Propulsé au firmament du cinéma belge avec les Barons, Nabil Ben Yadir fait partie de ce dernier groupe. On l’attendait sur un film baptisé Annapurna où il aurait retrouvé Jan Decleir, une des stars venues lui prêter main-forte sur son premier long, mais dès le mois de mars, il tempérait notre impatience : « Normalement, je réalise un autre film en France avant. C’est un film que j’ai coécrit et qui se tournera dans quelques mois. Je ne peux pas en dire plus pour l’instant, mais c’est une grosse production avec un sujet très très fort sur l’histoire de France dans les années 80 »

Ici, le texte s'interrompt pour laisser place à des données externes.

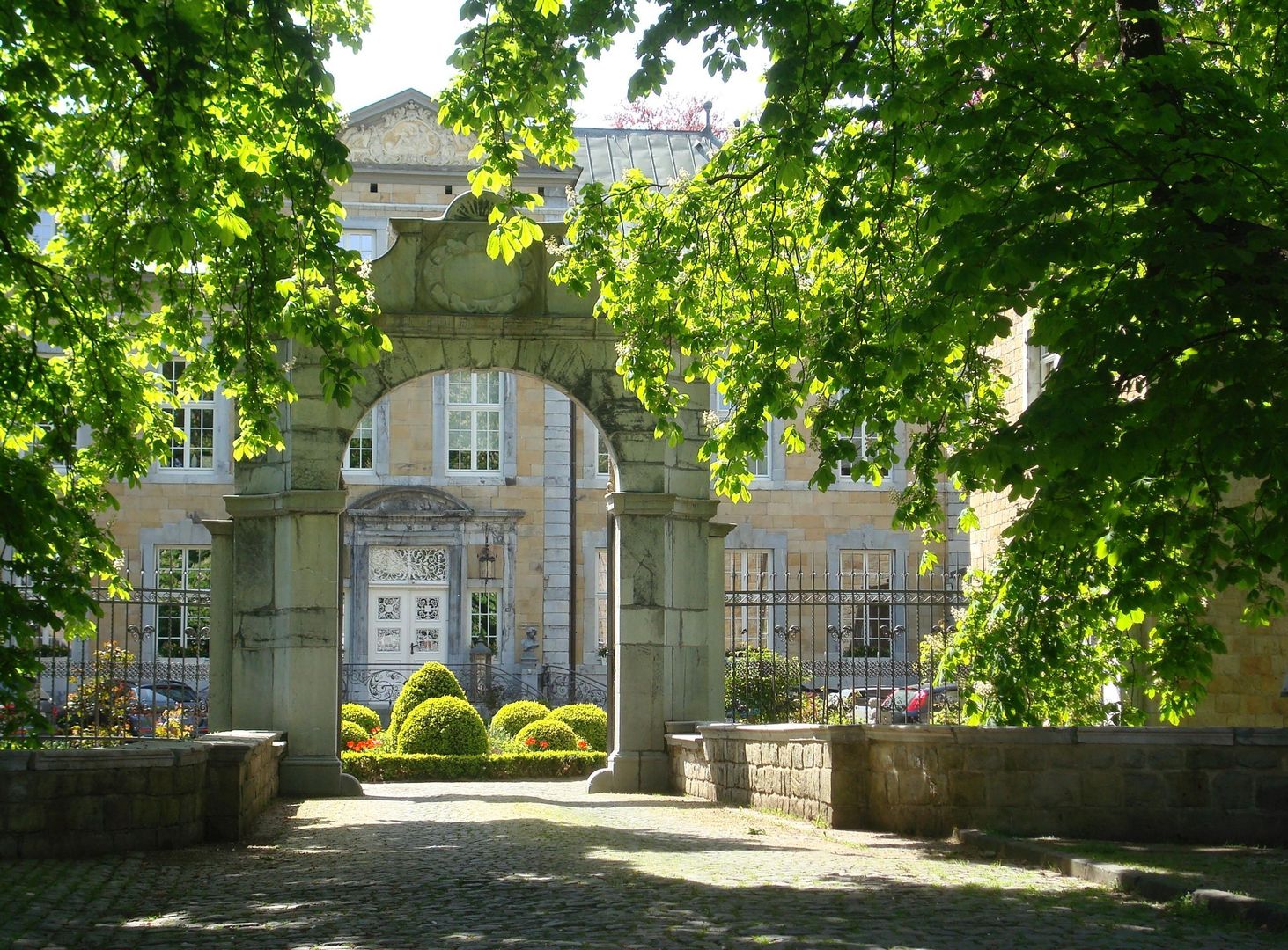 Bovendien onderscheidt dit complex zich van de gebruikelijke koperen binnenplaatsen in Stolberg door de strikte en geaccentueerde scheiding van het landhuis en de diensthof. Het nog bestaande kerngebouw van het voormalige depot, dat tegenwoordig als dokterspraktijk wordt gebruikt, bevindt zich voor het wooncomplex met een duidelijke verspringing naar links. Dit maakt de toegang mogelijk langs de symmetrie-as van het landhuis, zodat de bezoeker onmiddellijk en ongestoord wordt getroffen door de charme van de barokke architectuur. De grootteverhouding tussen het depot en het landhuis is ook veelzeggend. Het is moeilijk voor te stellen, maar het betrekkelijk kleine depot bracht de rijkdom voort die zich manifesteert in het terrein van het landhuis.
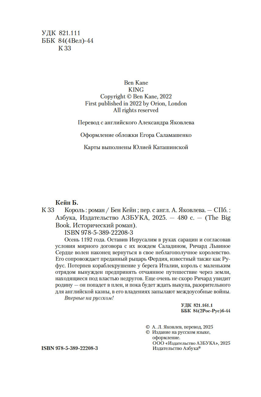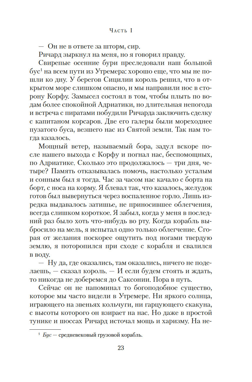 Осень 1192 года. Оставив Иерусалим в руках сарацин и согласовав условия мирного договора с их вождем Саладином, Ричард Львиное Сердце волен наконец вернуться в свое неблагополучное королевство. Его сопровождает преданный рыцарь Фердия, известный также как Руфус. Потерпев кораблекрушение у берега Италии, король с маленьким отрядом вынужден предпринять отчаянное путешествие через земли, находящиеся под властью недругов. Еще очень не скоро Ричард увидит родину – он попадет в плен, и пока будет ждать выкупа, разорительного для английской казны, в его владениях запылают междоусобные войны.

Quelques mois plus tard, l’information (qu’on a tenue secrète ;-)) est effectivement devenue officielle: le remuant trentenaire qui a écrit ce nouveau scénario avec Nadia Lakhdar et Ahmed Ahmidi commencera le 11 février le tournage de son prochain long métrage avec ce qu’il est convenu d’appeler un superbe casting . Des noms? Avec plaisir ! Lambert Wilson (Des hommes et des dieux), Ramzi Bédia (de Eric et Ramzy), Leila Bekhti (Le Sac de Farine), Vincent Rottiers (Le monde nous appartient, L’hiver dernier) et Charlotte Le Bon (ex-Canal Plus, Astérix et Obélix : au service de sa majesté)…
Cineuropa nous apprend que ce deuxième long métrage est produit par Hugo Sélignac (Les Petits Mouchoirs) avec sa société Chi-Fou-Mi, pour un budget de 10,6 millions d’euros. En Belgique, c’est Entre Chien et loup qui cherchera les financements. Une collaboration logique après l’efficace travail fourni sur Les Barons.
Comme Nabil nous le laissait entendre, le scénario s’inspire d’un fait bien réel. En 1983, des jeunes résidents du quartier des Minguettes, une cité lyonnaise, se lancent dans une marche non violente pour l’égalité et contre les discriminations. Leur idée est de relier Marseille à Paris pour alerter l’opinion publique sur la situation précaire des Français issus de l’immigration.
« Le 3 décembre 1983 à Paris », rappelle Mogniss H. Abdallah dans un article fort intéressant à lire ICI, « cent mille personnes environ accueillent la Marche pour l’égalité et contre le racisme dans une ambiance de fête. Partie de Marseille le15 octobre 1983 dans l’indifférence quasi-générale, la Marche est peu à peu devenue un événement politique historique. Il sera considéré comme un acte fondateur pour la jeunesse des banlieues. A travers le pays, les jeunes issus de l’immigration mais aussi de nombreux Français se sont identifiés aux marcheurs et rejoindront ce que l’on nommera un temps le mouvement beur. Désormais, les Beurs ne sont plus seulement les enfants d’immigrés invisibles, mais bien des acteurs à part entière de la société française. Cette nouvelle donne va bouleverser la perception de l’immigration et redessiner le paysage politique antiraciste. »
Sans surprise, le film s’appelle La Marche. Une marche qui accueillit de nombreuses personnes au fil des kilomètres. Et qui espère attirer autant de spectateurs dans les salles.